- RECORDED INFORMATION:
:::

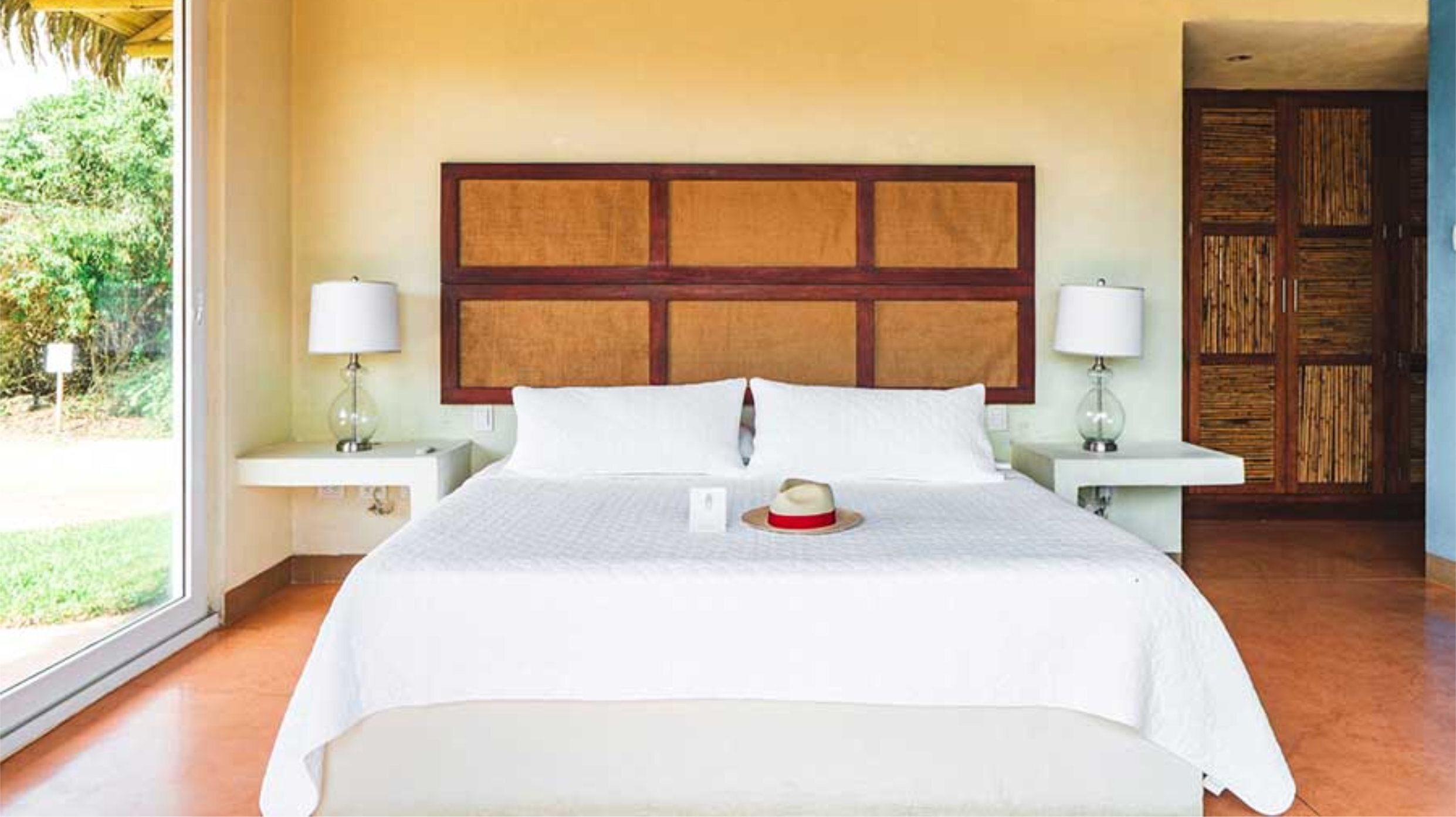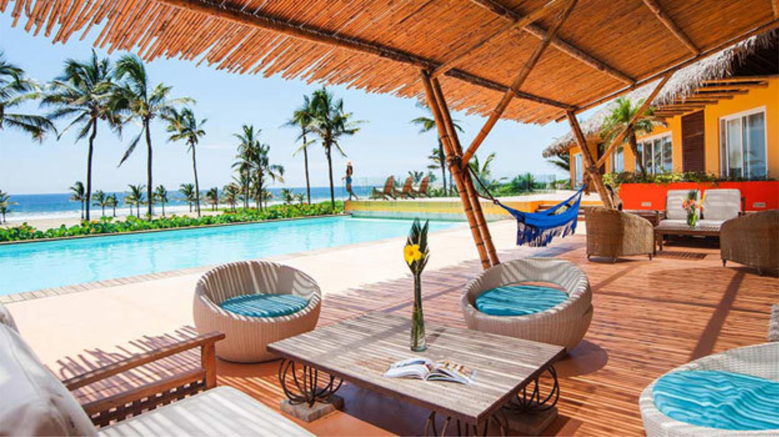 Outside the main house, near the bar, there’s an ocean-facing heated pool with a bamboo-shaded deck, a periwinkle hammock, and a sun-lounger.
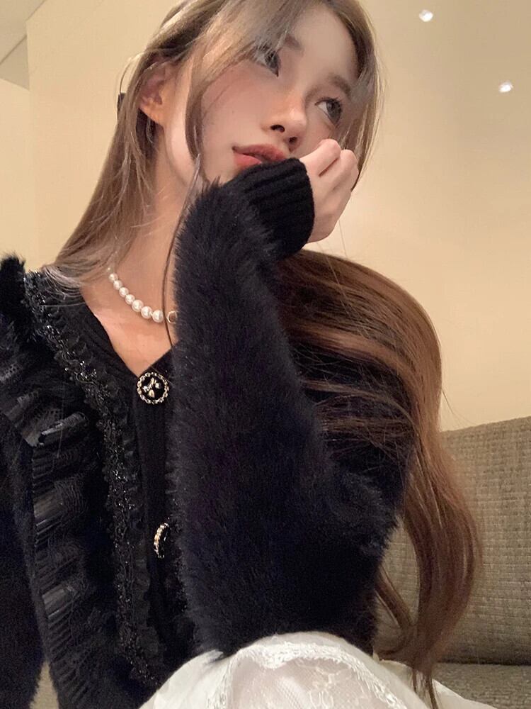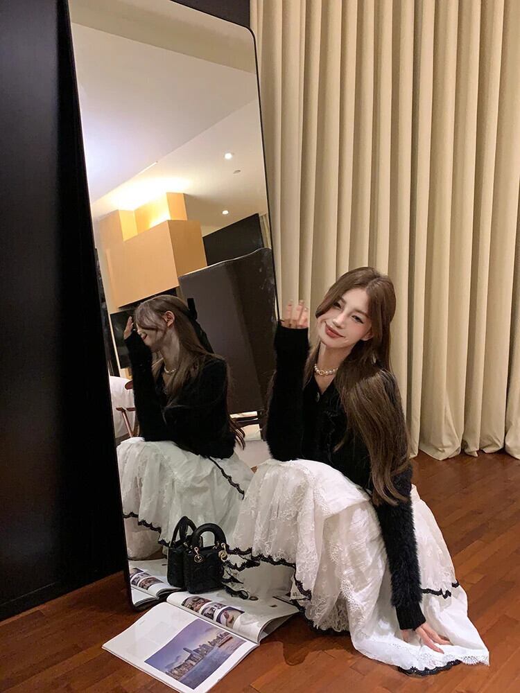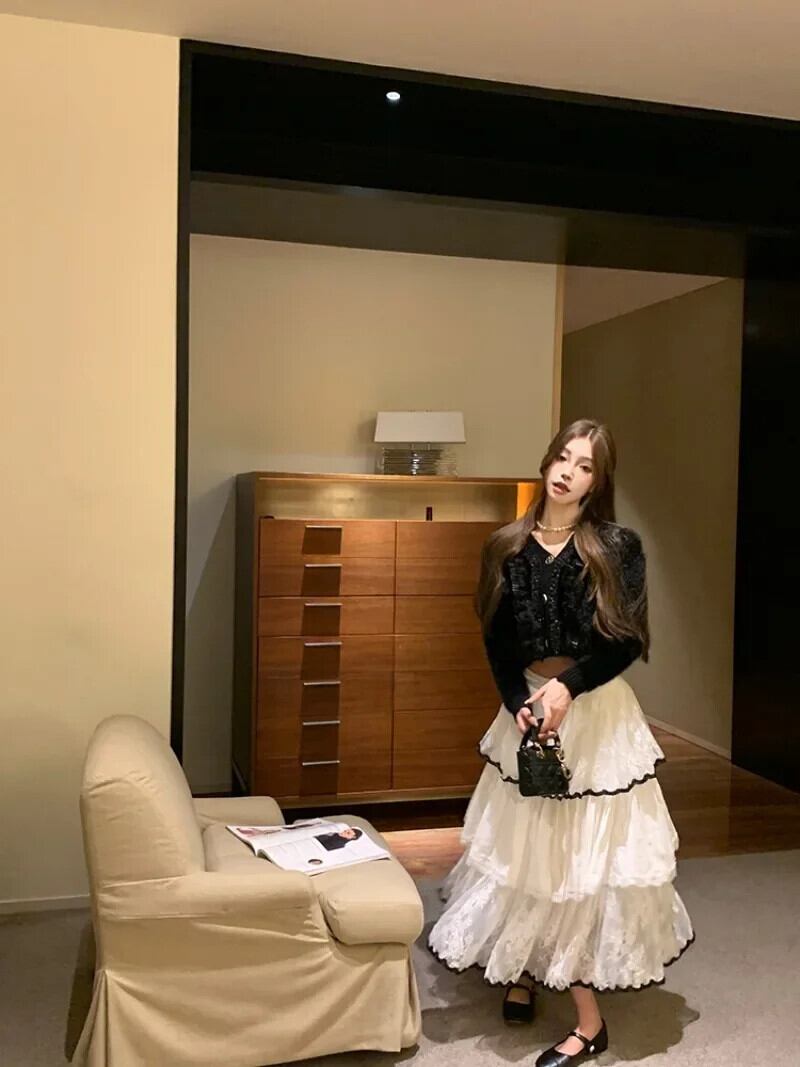 スイートホットガールスーツ レディース 秋冬 Vネック スプライスニットカーディガン ウエスト Aライン プリーツケーキスカート 2点セット 大人ガーリー スウィート キュート カジュアル オータム 秋物 ウィンター 冬物
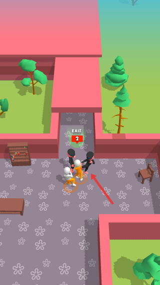 3、当你看到标有EXIT的出口时,操控角色向出口移动,碰到拦在外面的警察,靠近他们打败他们。

:::

- EXERCISE DETAILS:
Line by line, return the listing above exactly, leaving out its pictures.

- ANSWER AREA:
 Outside the main house, near the bar, there’s an ocean-facing heated pool with a bamboo-shaded deck, a periwinkle hammock, and a sun-lounger.
 スイートホットガールスーツ レディース 秋冬 Vネック スプライスニットカーディガン ウエスト Aライン プリーツケーキスカート 2点セット 大人ガーリー スウィート キュート カジュアル オータム 秋物 ウィンター 冬物
 3、当你看到标有EXIT的出口时,操控角色向出口移动,碰到拦在外面的警察,靠近他们打败他们。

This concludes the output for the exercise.